▸ RECORDS SHOWN:
· · ·

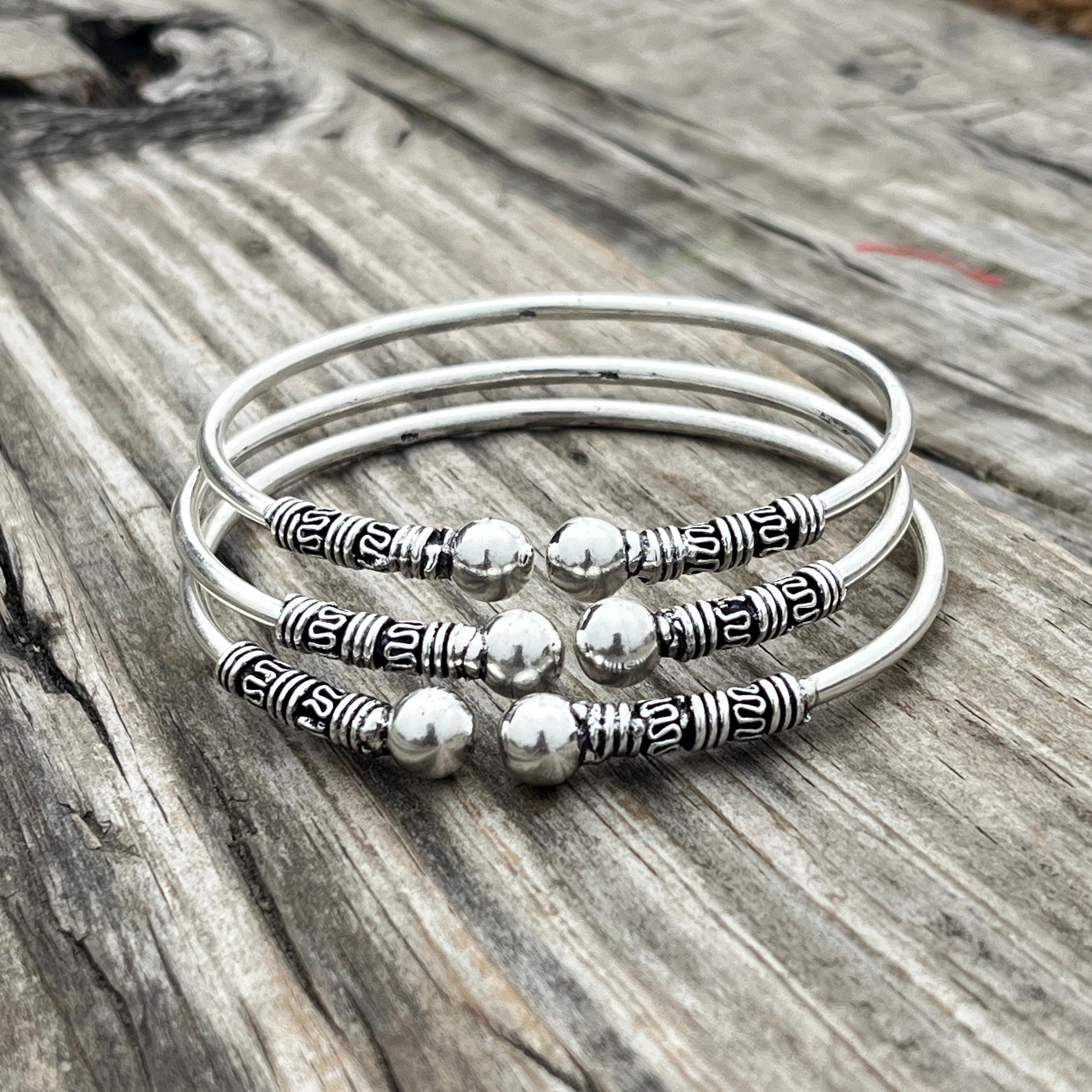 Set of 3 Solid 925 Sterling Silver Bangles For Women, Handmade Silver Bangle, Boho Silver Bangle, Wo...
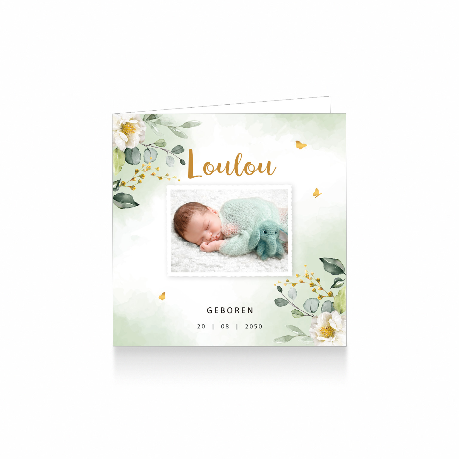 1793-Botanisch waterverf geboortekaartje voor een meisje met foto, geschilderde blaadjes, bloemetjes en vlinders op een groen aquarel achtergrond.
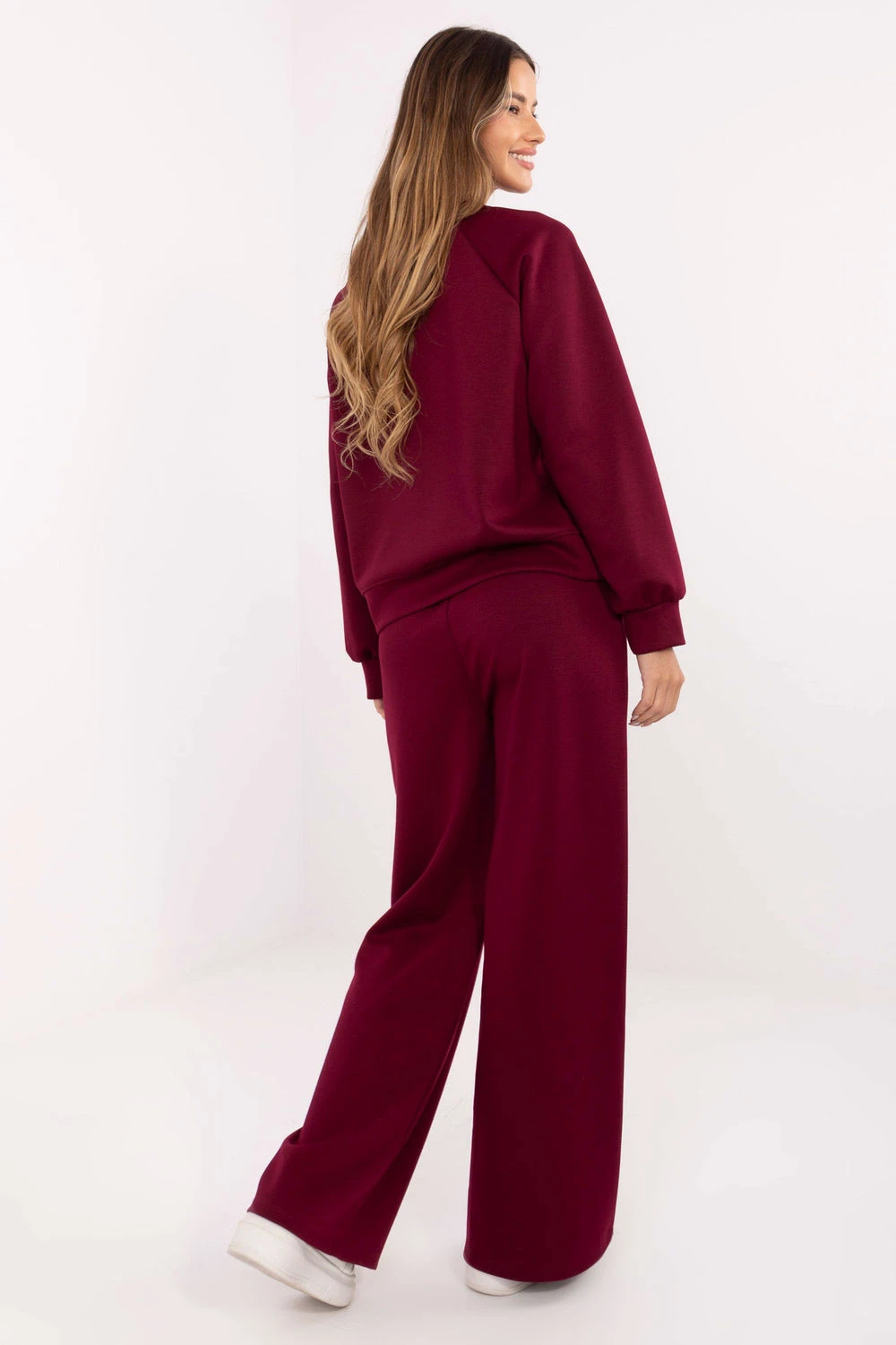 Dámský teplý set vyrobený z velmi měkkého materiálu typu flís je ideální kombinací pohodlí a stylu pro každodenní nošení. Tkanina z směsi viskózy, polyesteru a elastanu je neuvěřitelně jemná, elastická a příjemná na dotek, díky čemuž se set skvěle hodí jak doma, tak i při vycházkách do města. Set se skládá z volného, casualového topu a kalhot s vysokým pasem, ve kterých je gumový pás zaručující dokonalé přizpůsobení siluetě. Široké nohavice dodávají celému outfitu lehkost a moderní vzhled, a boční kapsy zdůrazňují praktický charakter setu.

· · ·

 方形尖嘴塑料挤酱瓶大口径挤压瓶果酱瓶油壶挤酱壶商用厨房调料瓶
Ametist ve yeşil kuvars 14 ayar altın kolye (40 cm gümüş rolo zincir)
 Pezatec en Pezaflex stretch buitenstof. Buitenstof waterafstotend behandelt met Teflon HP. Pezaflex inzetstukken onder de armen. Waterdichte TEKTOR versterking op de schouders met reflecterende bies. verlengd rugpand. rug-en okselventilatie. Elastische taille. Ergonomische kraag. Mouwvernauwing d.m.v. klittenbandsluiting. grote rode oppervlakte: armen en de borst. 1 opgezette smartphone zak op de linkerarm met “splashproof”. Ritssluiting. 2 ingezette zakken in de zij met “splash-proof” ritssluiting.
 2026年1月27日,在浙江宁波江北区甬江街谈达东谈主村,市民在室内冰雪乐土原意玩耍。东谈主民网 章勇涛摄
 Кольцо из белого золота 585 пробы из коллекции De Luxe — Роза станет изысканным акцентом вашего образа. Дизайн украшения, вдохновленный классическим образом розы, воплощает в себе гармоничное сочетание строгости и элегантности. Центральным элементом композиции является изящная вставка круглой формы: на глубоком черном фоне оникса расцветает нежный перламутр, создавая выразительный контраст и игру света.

· · ·

▸ WHAT TO PRODUCE:
Your task is to transcribe, with no changes, only the lines of the listing above that lie between the line holding "2026年1月27日,在浙江" and the line holding "Кольцо из белого", inclusive.

▸ TASK OUTPUT:
 2026年1月27日,在浙江宁波江北区甬江街谈达东谈主村,市民在室内冰雪乐土原意玩耍。东谈主民网 章勇涛摄
 Кольцо из белого золота 585 пробы из коллекции De Luxe — Роза станет изысканным акцентом вашего образа. Дизайн украшения, вдохновленный классическим образом розы, воплощает в себе гармоничное сочетание строгости и элегантности. Центральным элементом композиции является изящная вставка круглой формы: на глубоком черном фоне оникса расцветает нежный перламутр, создавая выразительный контраст и игру света.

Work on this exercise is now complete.